Senior Health Care: Working Together With Your Family Vet
Your veterinarian will ask you a series of questions regarding any changes in your PON's activity and behavior during an annual senior health exam. Your veterinarian will also conduct a complete examination of all of your PON's body systems. Laboratory testing is also an essential component of the senior exam. If you notice changes in vision, hearing and general energy levels, this is the time to report these changes.
Veterinarians depend on laboratory results to help determine your PON's health. When your PON is healthy, laboratory tests provide a means to determine baseline” values. When your PON is ill, your vet is able to compare the “baseline” values and the current values. Subtle changes in these laboratory test results, even in the outwardly healthy dog, may signal the presence of an underlying disease. Lab tests usually include: blood count, urinalysis, blood chemistry and parasite evaluation.
What are common senior PON health issues ?
Diabetes can be triggered from a wide range of causes including viruses, chronic pancreatitis, chronic small bowel inflammation, obesity, hyperadrenocorticism (Cushings) and long-term use of progesterone or steroids and of course, diet. An overload of carbohydrates, especially poor quality, which is no longer thought to be biologically appropriate, may contribute to many diseases including pancreatitis and diabetes. A minimal or moderate grain content is recommended for senior PONS. Grains should be whole and unprocessed.
For many years, a very restricted-protein diet was recommended for senior dogs as a preventive or management measure for kidney problems. More current research has determined that it is the quality rather than the quantity of protein that is most important. It is best to avoid low-quality dog foods which are composed primarily of meat by-products including hide, hair, feathers and other unwholesome components that are difficult for the kidneys to process. Furthermore, low-end kibbles contain large amounts of chemical preservatives that load a senior dog’s system with toxins and place an additional burden on an aging liver and excretory system. High quality raw food, grain-free kibble and home cooked diets will extend the life of senior PONS.
Arthritis and joint problems may be managed with an appropriate exercise regime including gentle walking and swimming, to help maintain mobility. High quality dog supplements (fish oil, flax seed oil) can also provide relief without the toxicity and side effects of prescription medication. Always research adverse effects of pharmaceutical medications.
Obesity in dogs can be prevented or treated with diet and exercise. Sudden unexpected weight gain or loss should always be investigated by your vet to rule out an underlying health problem, involving thyroid complications and other serious diseases. Conditions stemming from obesity are rapidly becoming the number one health problem for senior dogs.

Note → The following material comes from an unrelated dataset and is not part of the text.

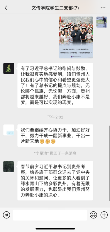 2月19日,yl8858永利集团传媒类学生党支部组织学习贯彻习近平总书记视察贵州重要讲话重要指示精神。支部上下掀起学习贯彻习近平总书记视察贵州重要讲话的精神热潮,支部利用线上网络学习平台组织开展学习研讨活动,党员同志积极分享心得体会。

Dental problems can generally be prevented by regular cleaning. Recreational raw beef marrow bones are an essential way to keep the teeth clean, providing your veterinarian considers these appropriate for your senior (sometimes vets prefer to stay away from raw, for the very young and old or immune compromised pets). Always consult your vet. Providing dog dental care at home may improve a senior dog’s over all health if there is tartar build-up. Home care may include dental wipes, durable chew toys or even a simple baking soda & water paste applied to the teeth can all form part of your senior’s dental care management.
Preventive Measures Nutrition
Many older PONS benefit from a high fiber, reduced calorie diet. As mentioned above, obesity is often the result of reduced exercise and overfeeding; and is a risk factor for diabetes and heart disease. Older PONS often have different nutritional requirements, and it’s a good idea to check with your vet about switching to a high quality, age appropriate diet. Many senior PONS benefit from a small amount of plain yogurt added to their diet to help keep the healthy flora in the intestinal tract in balance. A high quality fish oil is also a great addition to the diet and helps to keep your senior PON's skin and coat healthy.
Exercise for Senior PONS
Exercise is another aspect of preventive geriatric care for your PON. You should definitely keep your PON active as he grows older. If he is cooped up and inactive for most of the day, his body will deteriorate much more quickly. Jogging with your arthritic PON may not be appropriate, but swimming and other low-impact activities are vital for PONS with joint pain and arthritis. Keeping your PON active both mentally and physically helps your PON stay in top condition.
As a general guide for senior healthcare and also for younger PONS, remember to work with your vet on routine blood-work and urinalysis to create a useful vision of your PON's over all health and to uncover hidden problems before symptoms become noticed. Vaccinations should be minimal (titer tests are useful in determining if most of them are even necessary). Flea and tick preventives should be used only when needed. Heartworm prevention is always necessary.
Consult your vet immediately if you notice any unusual behavior such as excess drinking, more frequent elimination, weight change, lameness, lethargy or anything else that doesn’t seem normal. Take charge of your senior PON's nutritional needs by feeding a high quality diet and maintaining your PON's appropriate weight. Remember exercise and most of all, offer lots of love to make sure your senior still feels like a vital member of your family.